М.О.: Скажи, а у тебя была задача стать фигурой в политическом поле? Или как ты для себя свой успех в политике формулировал?

И.П.: Я не формулировал задачу как «стать фигурой», я формулировал задачу иметь возможность влиять на идущие в стране процессы, менять общество.

М.О.: И все-таки, в 2006 году и в плане себя, ты чего хотел? Ты хотел новую партию, или…

И.П.: В принципе, у меня не было и нет краткосрочных задач «в плане себя». Партия, выборы, должности и статус – это все инструменты. Я хотел получить возможность влиять на траекторию страны. Вот через год моя жизнь круто изменилась, я стал депутатом, и что, я получил возможность реально влиять на что-то? Только косвенно да. Я получил небольшую возможность влиять, когда начал воздействовать с помощью статуса депутата на повестку Медведева, влез в эти модернизационные дела со Сколково, и получил влияние в этом маленьком сегменте. Это немного, зато построенные технопарки и созданные компании можно пощупать руками и сказать себе: «я – молодец».

А вот тогда, когда закончился контрсаммит, в который я вложил остатки денег, которые у меня были, и после этого их вообще не было, мне пришлось зарабатывать тем, что ездить на машине и «бомбить»...

М.О.: Да ну?

И.П.: Да, был такой период.

М.О.: А про эту ситуацию не писали нигде?
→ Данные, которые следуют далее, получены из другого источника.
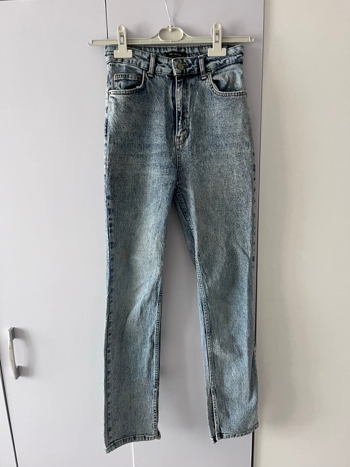 Gri tonlu batik desenli, kemerli ve dar kesim kadın kot pantolon, günlük sokak stili için uygundur.
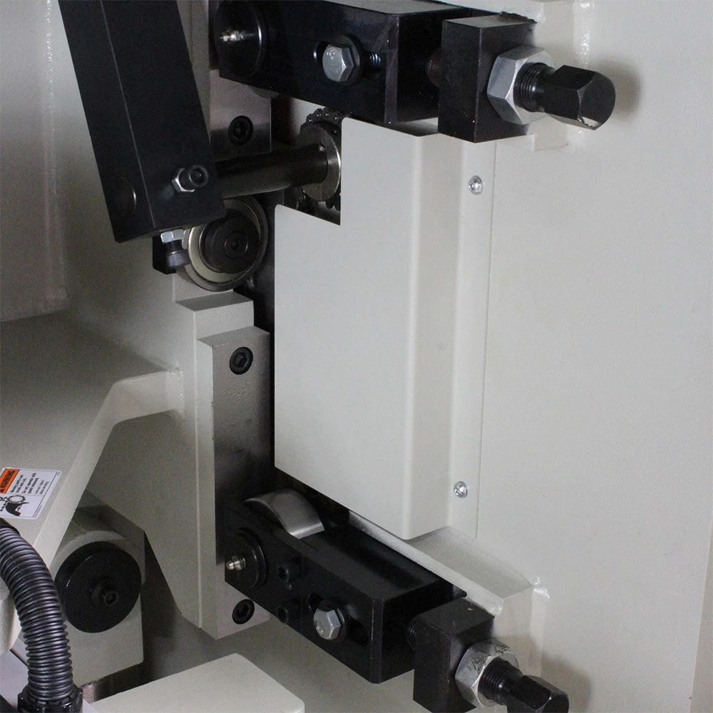 - Shearing carriage rides on hardened ways and uses heavy-duty bearings to reduce friction.
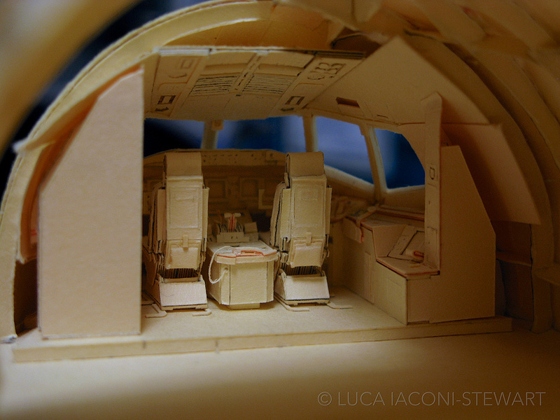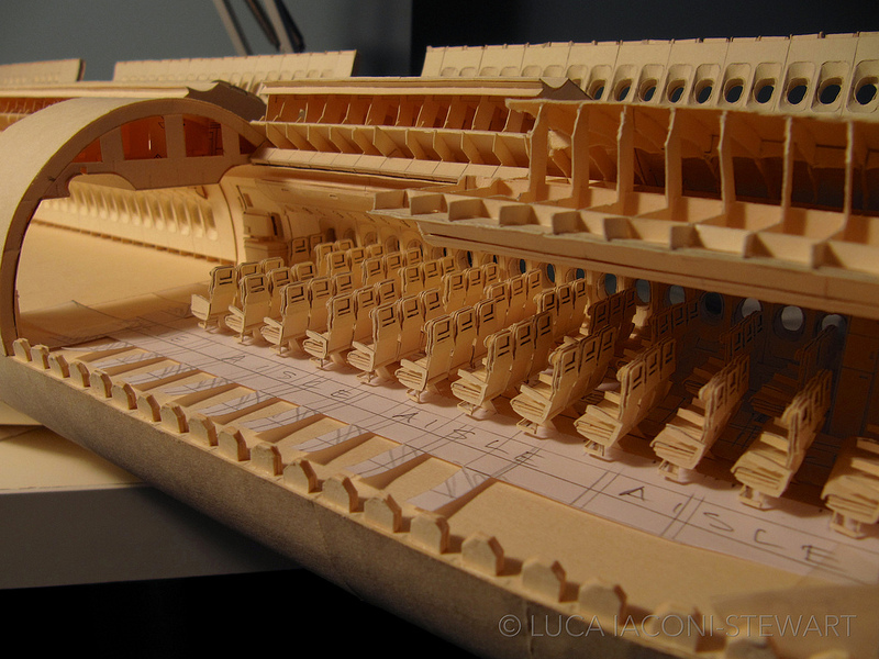 Inspired by high school architecture class where he was assigned to create simple paper models using cut paper manilla folders, San Francisco-based designer Luca Iaconi-Stewartwent home to begin construction on an extremely ambitious project: a 1:60 scale reproduction of a Boeing 777 using some of the techniques he learned in class. That was in 2008, when Iaconi-Stewart was just a junior in high school.

И.П.: А кто об этом будет писать? Я не люблю трындеть о неудачах, вызывая к себе жалость, это не по-мужски. Я в прессу бегу либо с анализом и предложениями, либо с успехами. А если самому не стонать и не нагнетать истерику, то журналистам не интересно. Если интересно, то только в конспирологическом смысле. По следам тех событий через год Сергей Железняк написал на меня донос в МВД и ФСБ, что я иностранный шпион и финансировал агента французской разведки, жену депутата Олега Шеина Карин Клеман. А вроде как его идейный противник Олег Кашин, наоборот, намекает в своих статьях, что я кремлевская мурзилка, и специально нейтрализовал российское антиглобалистское движение, заманив его в ловушку на стадион им. Кирова. Я сам далек от конспирологии, но иногда создается впечатление, что подобные наезды координируются из одного центра.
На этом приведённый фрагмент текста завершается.